Provenance
Félix Fénéon [1861-1944], Paris, sold to M. Joseph Bernheim, Paris (After 1896-before 1948); M. Joseph Bernheim, Paris (?-?); (Galerie Bernheim-Jeune, Paris, sold to M. Knoedler and Co., New York) (?-1952); (M. Knoedler and Co., New York, sold to Leonard C. Hanna, Jr., Cleveland, OH) (1952-1953); Leonard C. Hanna, Jr. [1889-1957], Cleveland, OH, by bequest to the Cleveland Museum of Art, Cleveland, OH (1953-1958); The Cleveland Museum of Art, Cleveland, OH (1958-)
Accession Number
1958.13
Medium
charcoal
Dimensions
N/A
Classification
Drawing
Credit Line
Bequest of Leonard C. Hanna Jr.
Tags
Drawing Impressionist & Modern (1851–1900) Charcoal French
Background & Context
Background Story
Henri Gabriel Ibels (1867-1936) was a French painter, printmaker, and illustrator known as a founding member of the Nabis, whose bold, simplified graphic style made him one of the most important printmakers of the 1890s.
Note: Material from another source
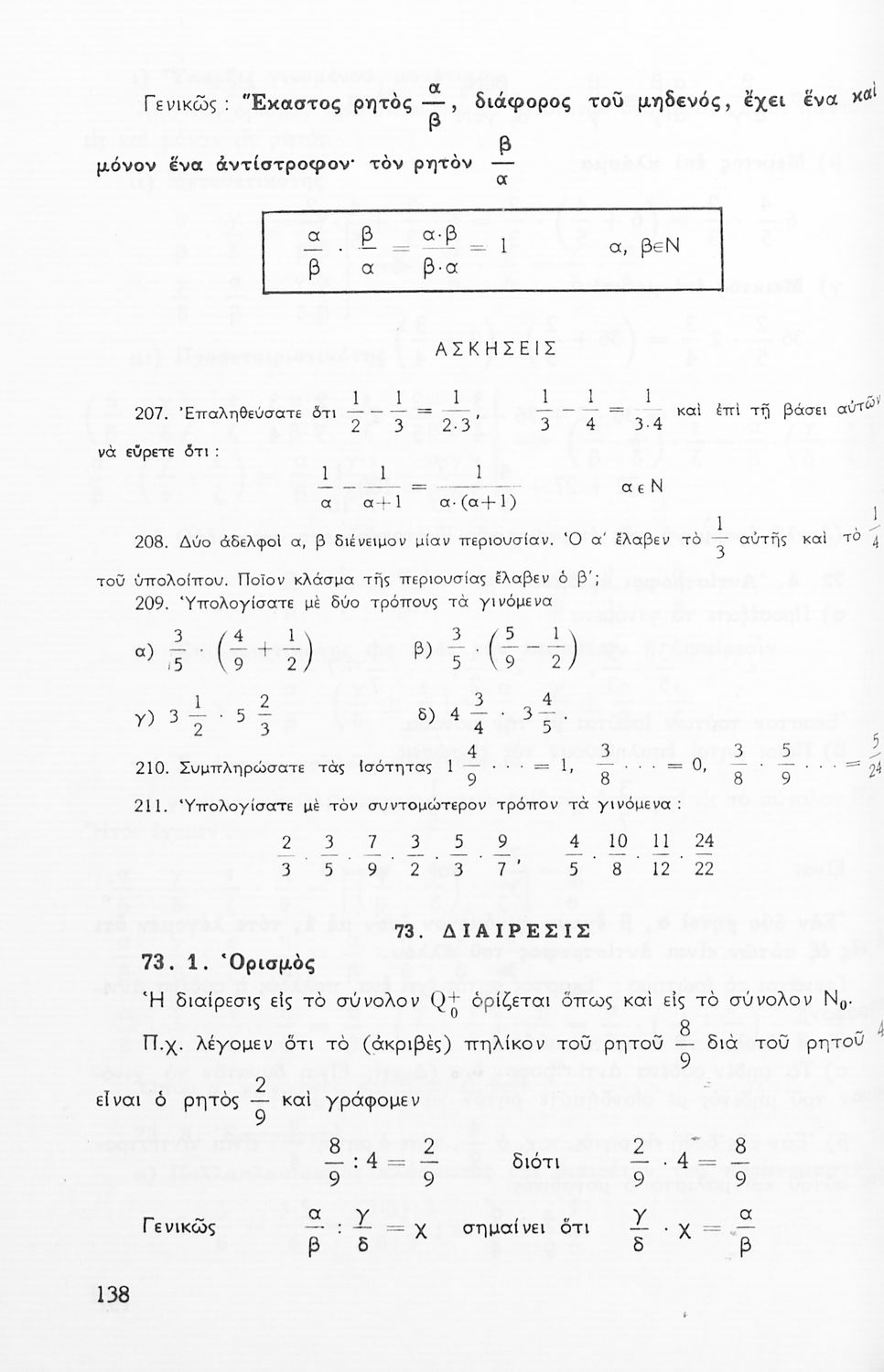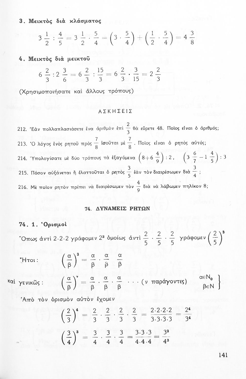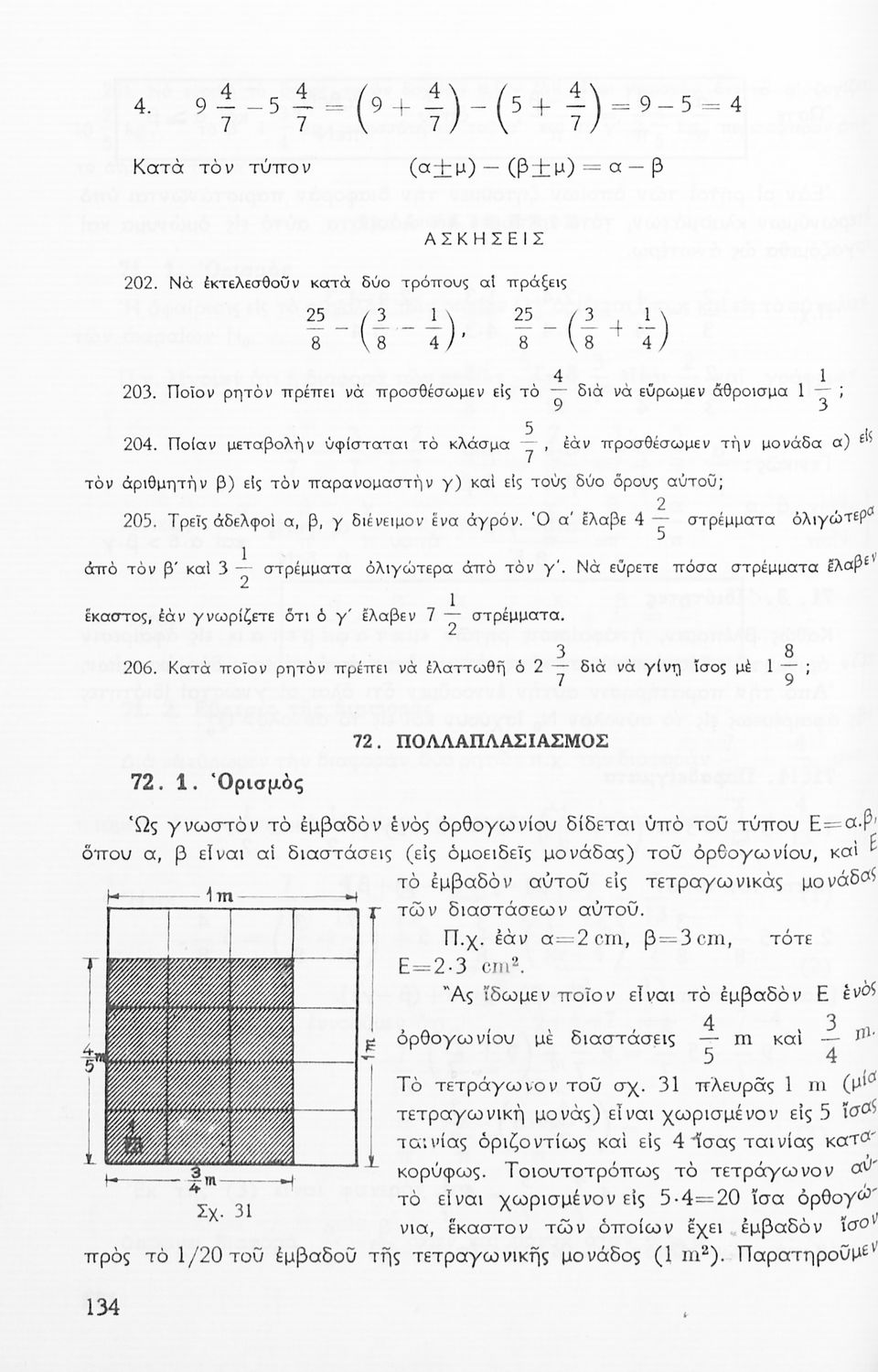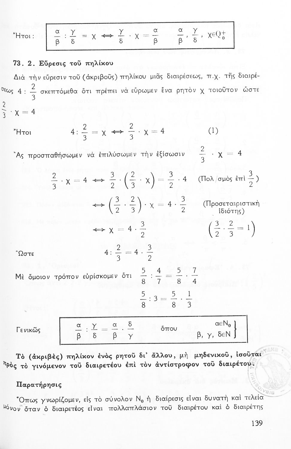 Σχολικό εγχειρίδιο Αριθμητικής για τις Α΄, Β΄, Γ΄ Γυμνασίου που είναι χωρισμένο σε ορισμούς και ασκήσεις και εστιάζει στις ιδιότητες των αριθμητικών πράξεων, τα κλάσματα και την τετραγωνική ρίζα.
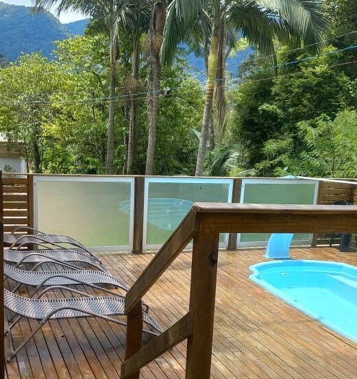 Tipptasemel puhkekoht Estrada Bonital, Joinville/SC. Moodne maja kamina, mullivanni, gurmeenurga ja järvevaatega. Täisvarustusega köök, pruulikoda, veinikelder, sise- ja väligrill, liivaväljak ja minimets. Mahutab mugavalt kuni 6 inimest. Rohkem kui kuuest külalisest koosnevatele rühmadele on saadaval külgnev mägisuvila – eraldi ruum rõdu ja privaatse grilliga, mis tagab veelgi suurema mugavuse ja privaatsuse. Lähedal asuvad kosked, restoranid ja kohvikud.

The Circus from 1896 depicts a circus scene in the bold, simplified graphic manner that Ibels developed as a member of the Nabis, influenced by the flat, bold manner of Gauguin and Japanese prints. The 1896 date places this in the most productive period of the Nabis, when Ibels was producing the bold, simplified prints and posters that are his most accomplished works.
Cultural Impact
The Circus is important in the history of the Nabis because it demonstrates the bold, simplified graphic manner that Ibels developed as a founding member of the group. Ibels's bold, simplified prints and posters—using the flat, graphic manner of Gauguin and Japanese prints for popular subjects—represent the Nabis at their most accessible, and The Circus shows the bold graphic manner applied to one of the most popular subjects of the 1890s.
Why It Matters
The Circus is Ibels's Nabi graphic style: a circus scene rendered in the bold, simplified manner that a founding member of the Nabis developed from Gauguin and Japanese prints. The 1896 lithograph shows the Nabis at their most accessible—bold, graphic, and popular in subject.